= Michael Prendergast (MP) =

Irish politician

Michael George Prendergast (October 1764 – 18 February 1834) was an Irish soldier, merchant, and member of parliament.

A son of Miles Prendergast of County Galway, in 1786 he was commissioned as an Ensign into the East India Company's Madras Army, but resigned his commission in 1789. Becoming a private merchant in Dacca and Lucknow, he was appointed as inspector of indigo in 1807, but by 1809 was in England. He had properties in Ireland, but after his return to the British Isles he probably lived mostly in Westminster.

Prendergast was a Member of Parliament from 19 April 1809 to 2 May 1831, representing at various times the constituencies of Westbury, Gatton, Galway Borough and Saltash. In 1809, he bought a life interest in a seat at the pocket borough of Saltash, entering Parliament as a follower of Lord Wellesley, a past Governor-general of Bengal. By 1818, he was a supporter of the Liverpool ministry and unsuccessfully fought Galway, where his brother-in-law James Daly, a Tory, controlled the corporation. At the general election of 1820 he beat Valentine Blake, Daly's man, and survived an election petition. He used his seat at Saltash, where he had also been returned, to bring in another government supporter.

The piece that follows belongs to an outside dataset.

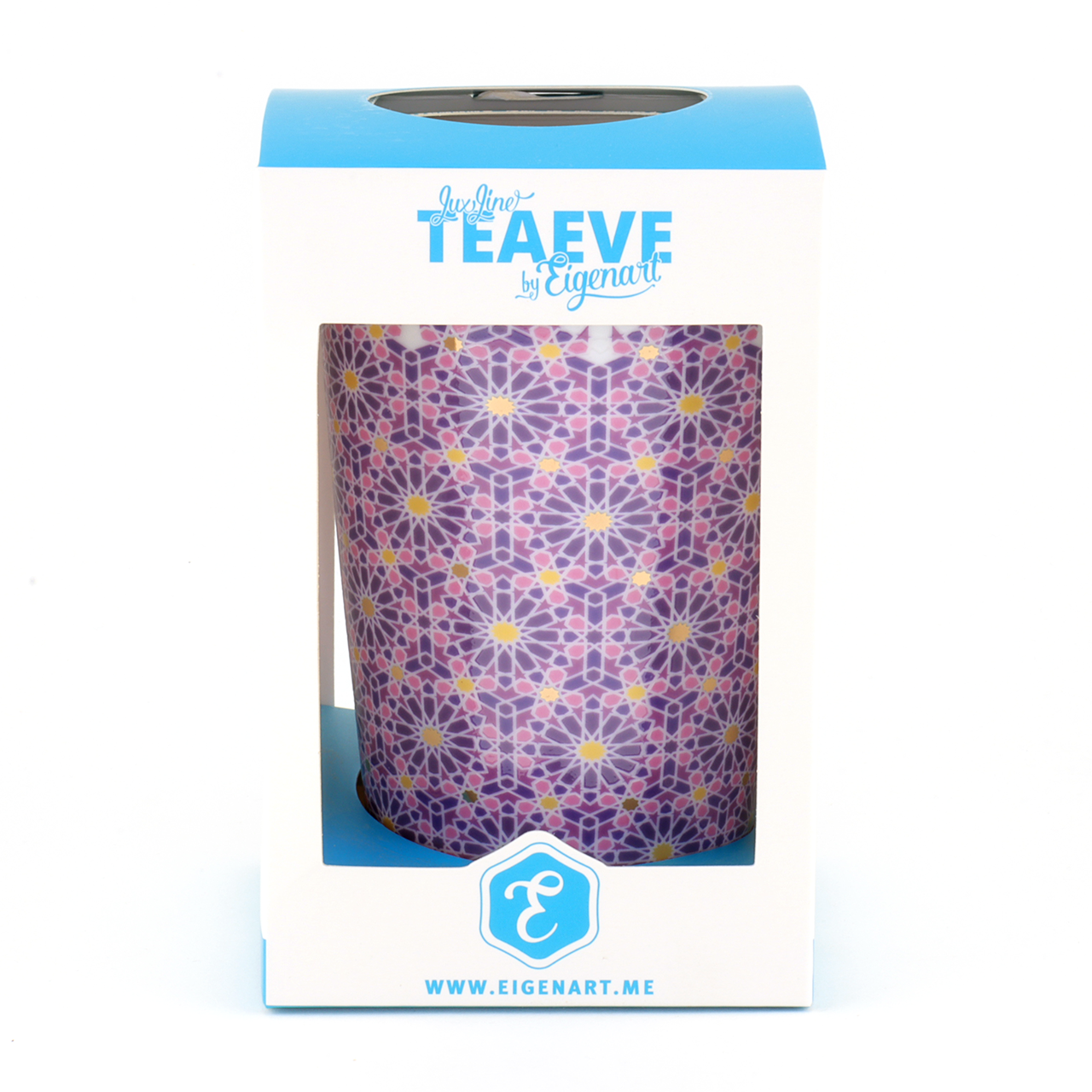 Exotisch en verfijnd – het Andalusia Berry-motief van Eigenart is geïnspireerd op de sierlijke mozaïeken uit Andalusië. Het diepviolette patroon met gouden accenten en bessentinten brengt een vleugje zuiderse elegantie in elk theemoment.

On 4 August 1791, at Calcutta, Prendergast married firstly Catherine Frances, a daughter of George Smith. In March 1811, he married secondly Rosetta Alicia Smyth, a daughter and coheiress of Sir Skeffington Smyth, 1st Baronet, of Tinnapark, County Wicklow. Prendergast died in 1834, while his widow survived him until 1864. Their son Wellesley Bowes Louis Henry Prendergast was born in 1817, and in 1866 he married Josephine Priscilla Polegay in Inniscarra, Cork. He died on 8 August 1868 in Listerlin, where he was not the most popular of landlords. Another son, George Maurice Prendergast, was born in 1818 in Dublin. A daughter, Rosetta Louisa was born in 1824 in Essendon, Hertfordshire, and died aged 18 in Brighton in May 1843.